Please don't go down the route of buying clomid over the net.  It's a very strong drug and really should only be taken when properly prescribed.  

Good luck

Claire


----------



## jess p (Sep 25, 2004)

Have you been tested for PCOS? I'm not an expert but sounds like you really should. 

I really wouldn't recommend taking Clomid with out supervision - I have suffered really badly from side effects. If you look up angus cactus on this site you'll see that even that can cause problems if you are not suited to it.

Insist on seeing another doctor. Make him/her refer you to a fertility clinic at your hospital.

I've used a low fat diet to shift some weight - lost 10lbs since Nov just by cutting out butter and eating prawn salad couple of times a week! Still eat normal food at weekends!! (Including bacon butties!)

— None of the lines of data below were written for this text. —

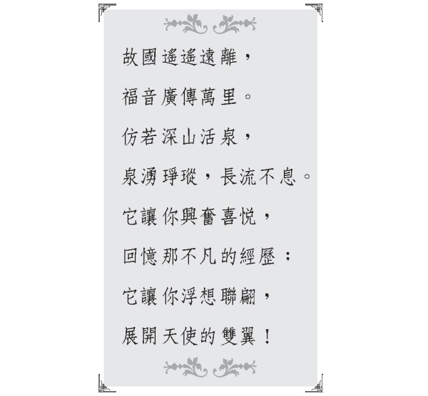 她來到我面前,忘情地擁抱了我,幸福地對我說:「太奇妙了,我喝了這活水,得到新生命,渾身是力量。耶穌對我們說,人若喝我所賜的水,就永遠不渴。我所賜的水要在他裡頭成為泉源,直湧到永生。」這一番話,對我內心震動很大。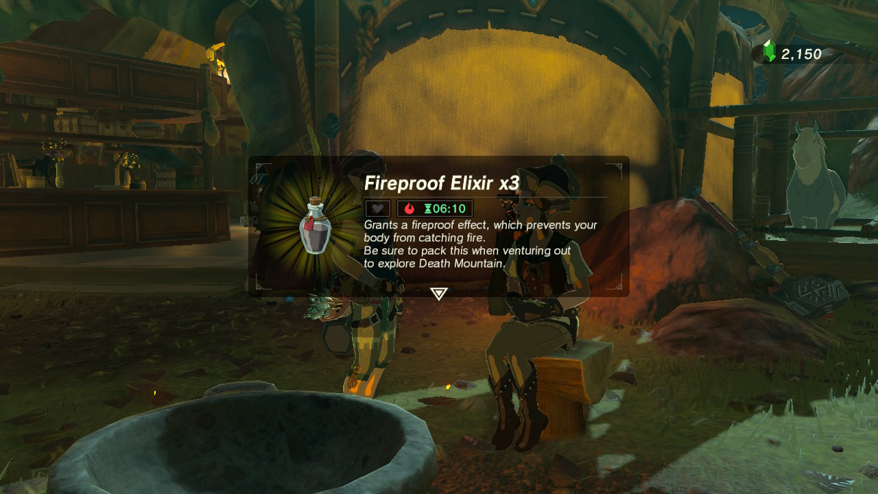 - Talk to Gaile near the cooking pot. She’ll sell Link up to three Fire-Guard Elixirs for 150 rupees.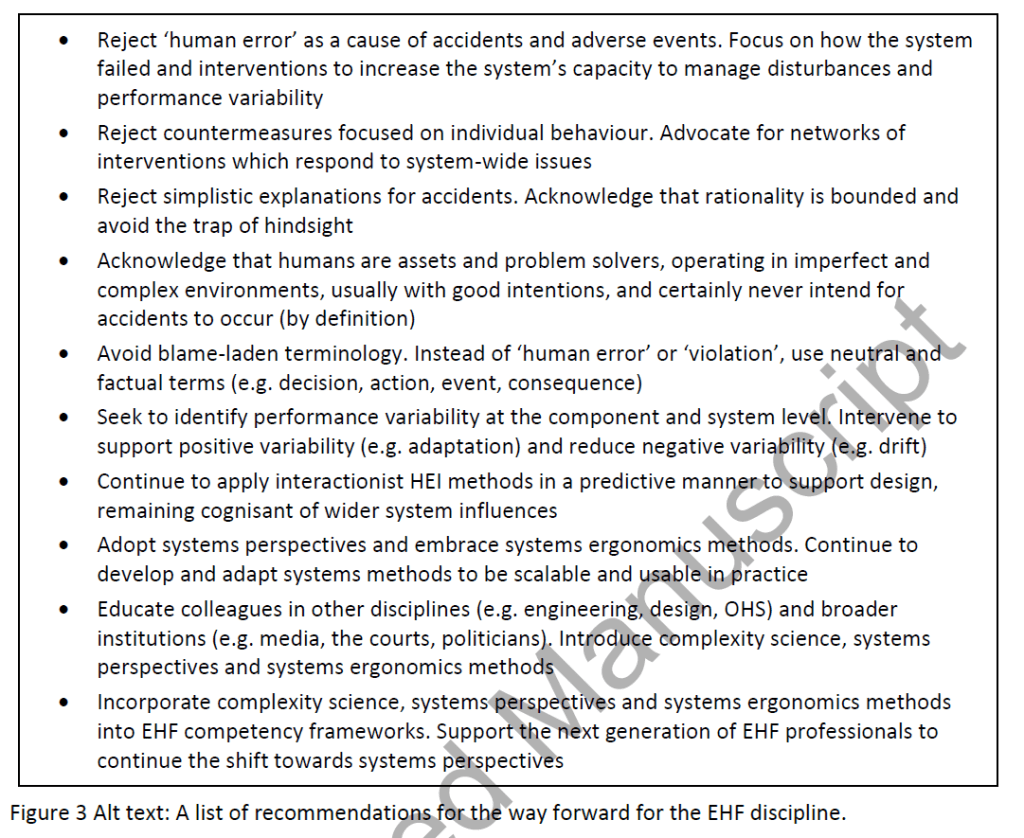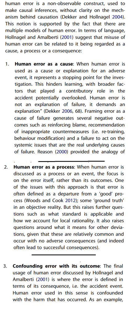 Also discussed was the human error construct within ergonomics & human factors (EHF), some “key conceptual difficulties” that the human error construct faces in a systems era of EHF, and then a way forward is proposed by the authors.

Your dr. sounds very unfeeling - they're not all like that, mine is a gem!

Good luck,
Jess x


----------



## mrs cloudy (Feb 1, 2005)

I agree with the other people that have replied to you.  You need to try to see another doctor.  Do you have any friends or family that could recommend a good one.  It makes a world of difference when you are treated as an individual rather than a case. I can also vouch for the fact that there are some really good GPs out there.  Good luck and best wishes.

Mrs C
PS the desparate feeling that you get after someone close has a baby will pass.  I can sympathise tho, I know its hard.


----------



## Mrs CW (Jul 12, 2004)

Hi Sarah
Sorry you're having a hard time at the moment.  

I agree with Jess you should possibly be investigated for PCOS, it is often associated with irregular periods and difficulty in losing weight.

Please don't self-medicate with either clomid or agnus castus.  If you want to try a herbal remedy go and see a qualified herbalist or homeopath.  

Have you thought about seeing a nutritionist?  They can help both with weight loss and with fertility issues.  It might cost you a bit, unless you could get your GP to refer you - but it seems if you have been told to lose weight it's only reasonable that someone helps you to do it.  If you have PCOS it wouldn't be that straightforward to lose weight so you may really need a nutritionists advice.

I'm not quite clear from your email whether it's your GP being unhelpful or the gynae - if it's the gynae go back to your GP and tell them you need help with the weight loss and you need to be referred to a different gynae who will be sensitive towards you. Try booking an appointment with your GP and asking them in advance to get hold of your blood test results to go through them with you.  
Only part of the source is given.